Ukrainian online newspaper

European Pravda (Європейська правда) is a Ukrainian online newspaper dedicated to covering Europe, NATO and reforms in Ukraine. The "EP" website was launched in early June 2014. The publication was created by journalists and is run by Serhii Sydorenko and Yurii Panchenko.

== History ==
The idea to establish European Pravda belongs to journalists Serhii Sydorenko and Yurii Panchenko, who lost their jobs after the Kommersant Ukraine newspaper closed. It was planned that European Pravda would become a division of Ukrainska Pravda, but it became independent and was only a partner of Ukrainska Pravda.

The site was launched in early June 2014. The English version was officially launched on January 21, 2022.

== Funding ==
International donors support the project financially, on the proviso that they do not interfere in editorial policy. Financial support was provided by the European Endowment for Democracy, International Renaissance Foundation, Council of Europe, and NATO Public Diplomacy Division (PDD).

Since June 2016, European Pravda has been co-financed by the European Union. Partial co-financing is provided from the NATO PDD and from advertising revenues.
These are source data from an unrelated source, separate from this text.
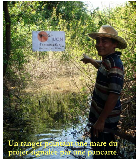
Un ranger pointant une mare du projet signalée par une pancarte

En août 2008, l'UICN Pays-Bas approuvait le financement d'un projet de conservation soumis par Osmose, pour 53.788 euros. L'étude pilote visait à évaluer l'impact de la protection d'une série de mares sur les stocks de poissons et le succès de reproduction des oiseaux dans l'aire protégée de Prek Toal. Elle consistait en fait à tester un outil de gestion de la zone qui serait bénéfique à la fois aux pêcheries et à la conservation, et le démontrer scientifiquement pour soutenir une réforme de la concession de pêche, appelée 'Lot de pêche'. Le projet fut coordonné par Grégory Duplant, jeune biologiste français, détaché auprès d'Osmose par France Volontaires .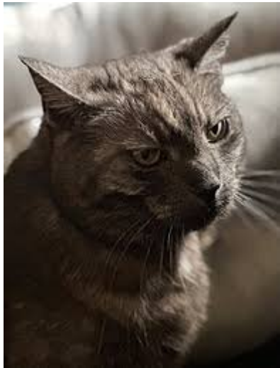
Kot domowy

Dlatego np. wyrazy zapisywane kot : kod wymawiamy tak samo: [kot]. To, że spółgłoska wygłosowa jest dźwięczna lub nie, słyszalne jest dopiero w przypadkach zależnych.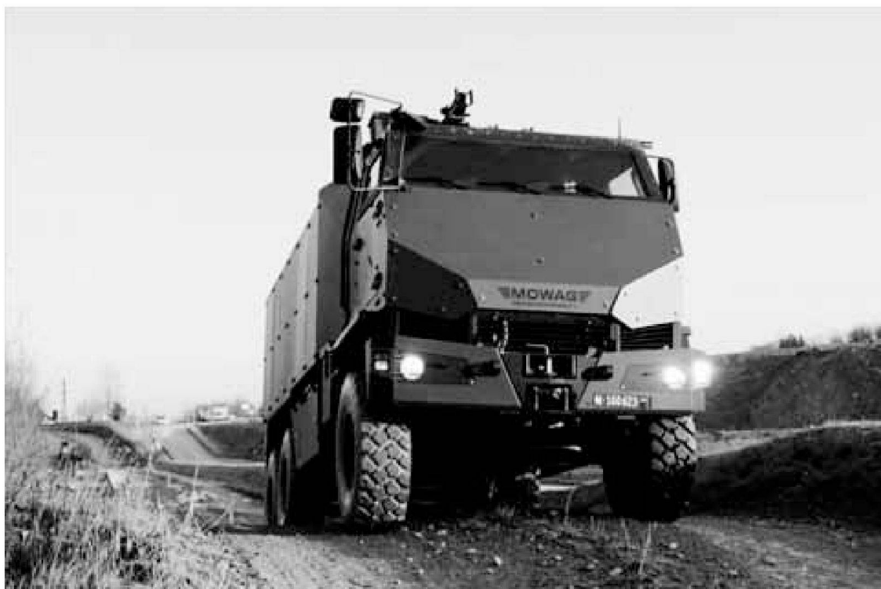
Il veicolo trasporto truppa protetto (VTTP), DURO IIIIP, 6x6

La fanteria svolge un ruolo centrale nelle operazioni militari. L'ampia gamma delle opzioni operative e dei rischi a cui è esposto il singolo soldato rende necessario un veicolo con un elevato livello di protezione. Tuttavia dei 20 battaglioni di fanteria, previsti dalla fase di sviluppo dell'esercito 2008 - 2011, soltanto quattro sono equipaggiati completamente con il carro armato granatieri 93 ruotato (Piranha).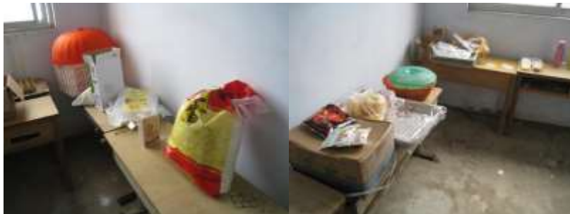
图I-3 食材储存情况组图

From 2018, the main co-donor of the project is the National Endowment for Democracy (NED), funded from the US Congress budget.

According to the editor, Serhii Sidorenko, "EP" is a non-profit organization, as of February 2021.

== Rating ==
According to a survey of 103 experts in 2021, the online publication covered foreign policy issues the best among Ukrainian mass media.

In December 2021, Serhii Sydorenko won the National Award "High Standards of Journalism – 2021" in the category "For a sustainable, high-quality media project / product."